Psicologia promove debate sobre luta antimanicomial e saúde mental
Foto: Divulgação/FPA - Debate realizado pela Unifipa contribui para a formação crítica dos alunos
Encontro reuniu estudantes e docentes para discutir temas relacionados à saúde mental
Por Da Reportagem Local | 25 de maio, 2026

O curso de Psicologia da Unifipa promoveu o debate “Para Além dos Muros: Luta Antimanicomial”, em referência ao Dia Nacional da Luta Antimanicomial. A atividade teve início com a exibição do documentário Holocausto Brasileiro, seguida de debate sobre saúde mental conduzido pela psicóloga Ninive Ferraz. O encontro reuniu estudantes e docentes para discutir temas relacionados à humanização do cuidado em saúde mental, reforma psiquiátrica e direitos das pessoas em sofrimento psíquico.

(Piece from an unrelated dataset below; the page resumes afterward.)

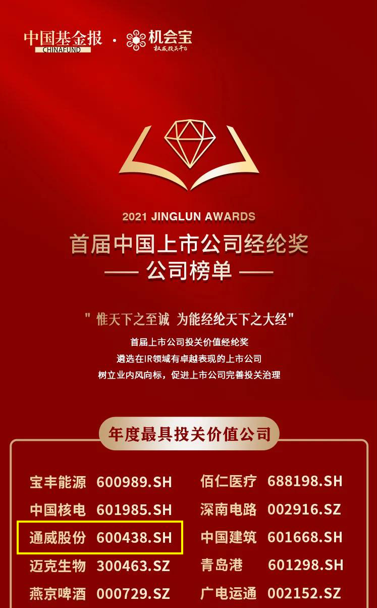 12月8日,由中國(guó)基金報(bào)聯(lián)合權(quán)威投關(guān)平臺(tái)機(jī)會(huì)寶,共同舉辦的首屆中國(guó)上市公司投關(guān)價(jià)值經(jīng)綸獎(jiǎng)評(píng)選榜單重磅揭曉。通威憑借在公司規(guī)范運(yùn)作治理、信息披露和投資者關(guān)系管理等方面工作的卓越表現(xiàn),榮膺“2021年度最具投關(guān)價(jià)值公司”。

Segundo a coordenadora do curso de Psicologia, Profa. Ma. Luciana Calza, o debate contribui para a formação crítica dos alunos. “A luta antimanicomial vai muito além do fechamento das instituições; ela representa o respeito à dignidade, à singularidade e à escuta acolhedora e empática. Com esses eventos, os nossos alunos acabam se destacando no mercado por conta do pensamento crítico e reflexivo em termos de saúde mental”, afirmou.

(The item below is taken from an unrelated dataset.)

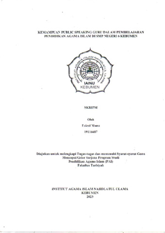 Faizul Muna, NIM.19116687 and Syifa Hamama, M.Si, . (2023) Kemampuan Public Speaking guru dalam Pembelajaran Pendidikan Agama Islam di SMP Negeri 6 Kebumen. Diploma thesis, Institut Agama Islam Nahdlatul Ulama ( IAINU) Kebumen.

O organizador da atividade, professor Ricardo Gasolla, destacou a relevância do tema para a área da Psicologia. “O pensar, o fazer e o atuar em Psicologia precisam ser garantidos para todos que merecem ter acesso à saúde. Hoje é uma data importante para pensar em democratizar o acesso à saúde mental em condições de liberdade e dignidade para todos e todas”, disse.

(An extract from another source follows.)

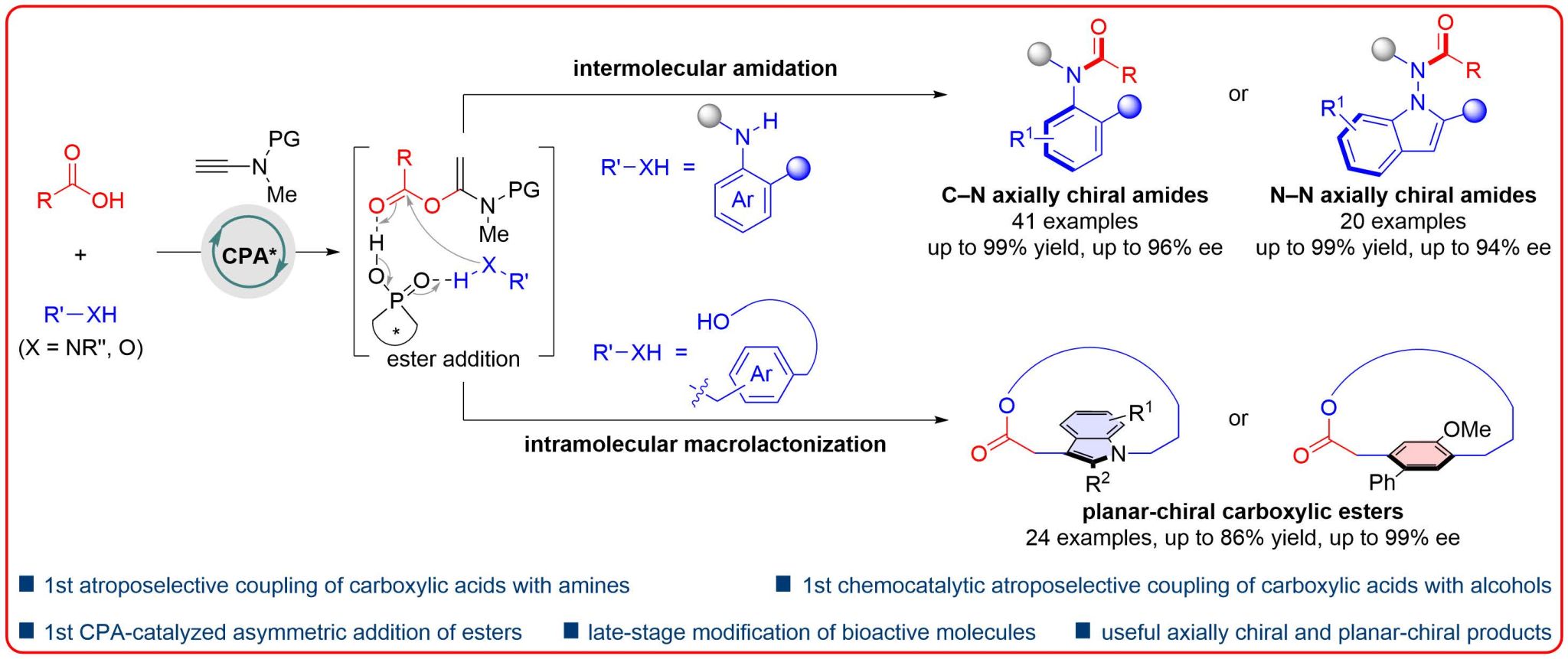 186. Brønsted Acid-Catalyzed Atroposelective Coupling of Carboxylic Acids with Amines and Alcohols via Ynamide Mediation.

Durante o debate, a psicóloga Ninive Ferraz ressaltou a importância da discussão sobre a reforma psiquiátrica e os princípios da luta antimanicomial. “É importante falar sobre a reforma psiquiátrica, a lei antimanicomial, falar em cuidado, ética e no fazer saúde de forma científica, zelando pela qualidade e bem-estar da vida das pessoas”, afirmou.

O Dia Nacional da Luta Antimanicomial relembra o movimento iniciado durante o Encontro de Trabalhadores de Saúde Mental, realizado em 1987, na cidade de Bauru. O encontro resultou na elaboração da Carta de Bauru, documento considerado marco na defesa de práticas humanizadas e do cuidado em liberdade no tratamento em saúde mental.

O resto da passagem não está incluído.